## Available data
—————
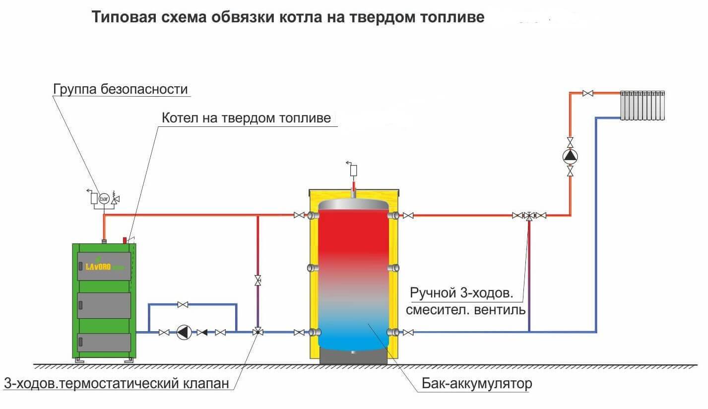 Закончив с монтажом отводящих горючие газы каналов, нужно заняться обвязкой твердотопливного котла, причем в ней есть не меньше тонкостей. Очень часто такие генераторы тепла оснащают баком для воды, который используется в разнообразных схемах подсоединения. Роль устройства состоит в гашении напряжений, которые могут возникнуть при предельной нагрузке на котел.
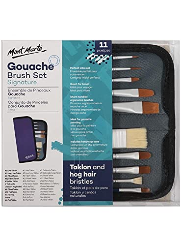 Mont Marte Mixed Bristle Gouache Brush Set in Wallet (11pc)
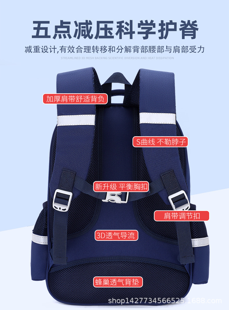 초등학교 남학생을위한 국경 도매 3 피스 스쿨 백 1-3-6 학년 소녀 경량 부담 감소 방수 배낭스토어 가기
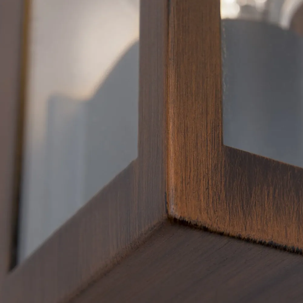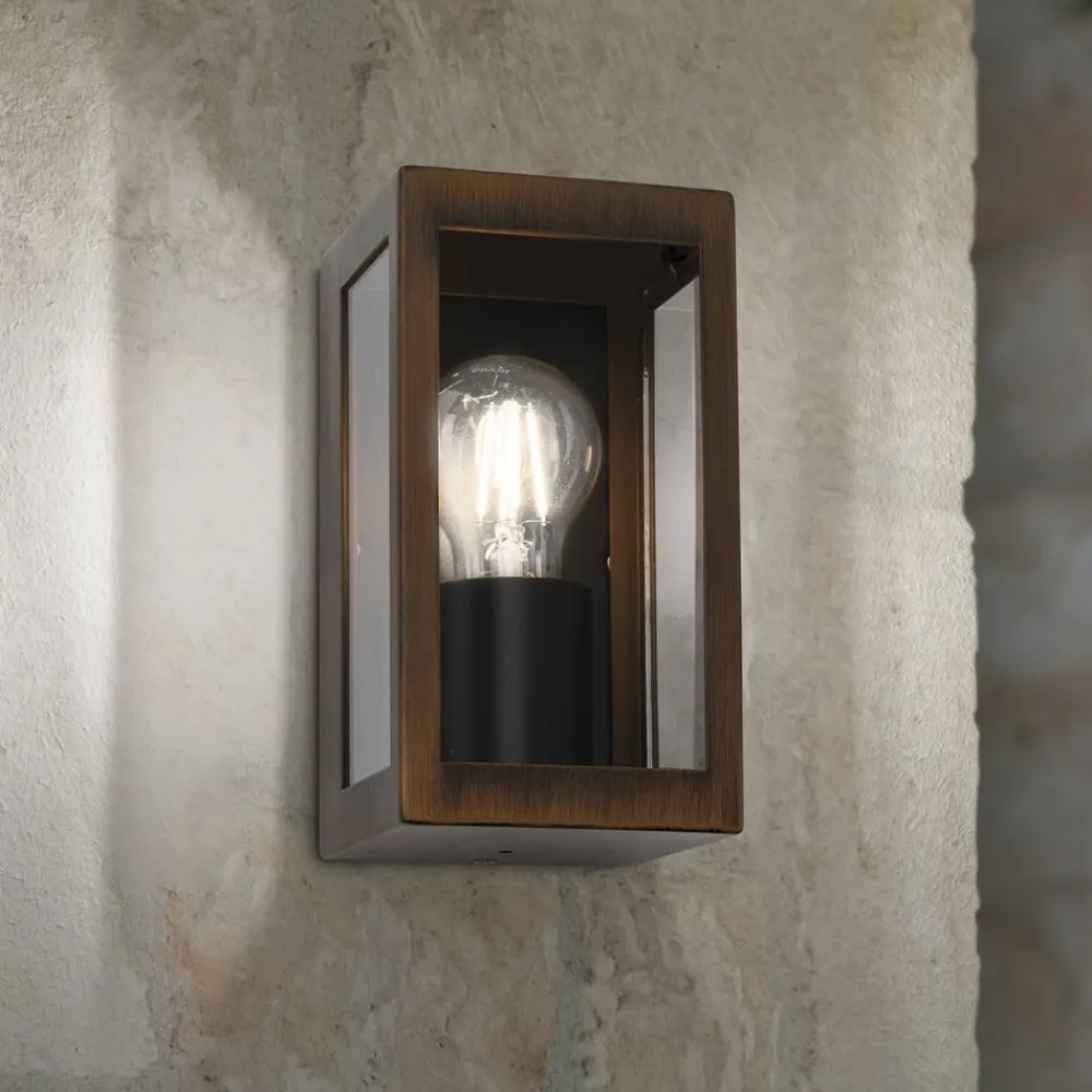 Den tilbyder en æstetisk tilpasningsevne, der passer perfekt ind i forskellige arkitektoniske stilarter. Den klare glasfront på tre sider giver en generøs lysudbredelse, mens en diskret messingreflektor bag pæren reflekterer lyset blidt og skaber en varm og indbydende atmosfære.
—————
Your reply should give again exactly the lines from the one with "초등학교 남학생을위한 국경" through the last line of the data, with both ends included and pictures left out.

## Answer section
 초등학교 남학생을위한 국경 도매 3 피스 스쿨 백 1-3-6 학년 소녀 경량 부담 감소 방수 배낭스토어 가기
 Den tilbyder en æstetisk tilpasningsevne, der passer perfekt ind i forskellige arkitektoniske stilarter. Den klare glasfront på tre sider giver en generøs lysudbredelse, mens en diskret messingreflektor bag pæren reflekterer lyset blidt og skaber en varm og indbydende atmosfære.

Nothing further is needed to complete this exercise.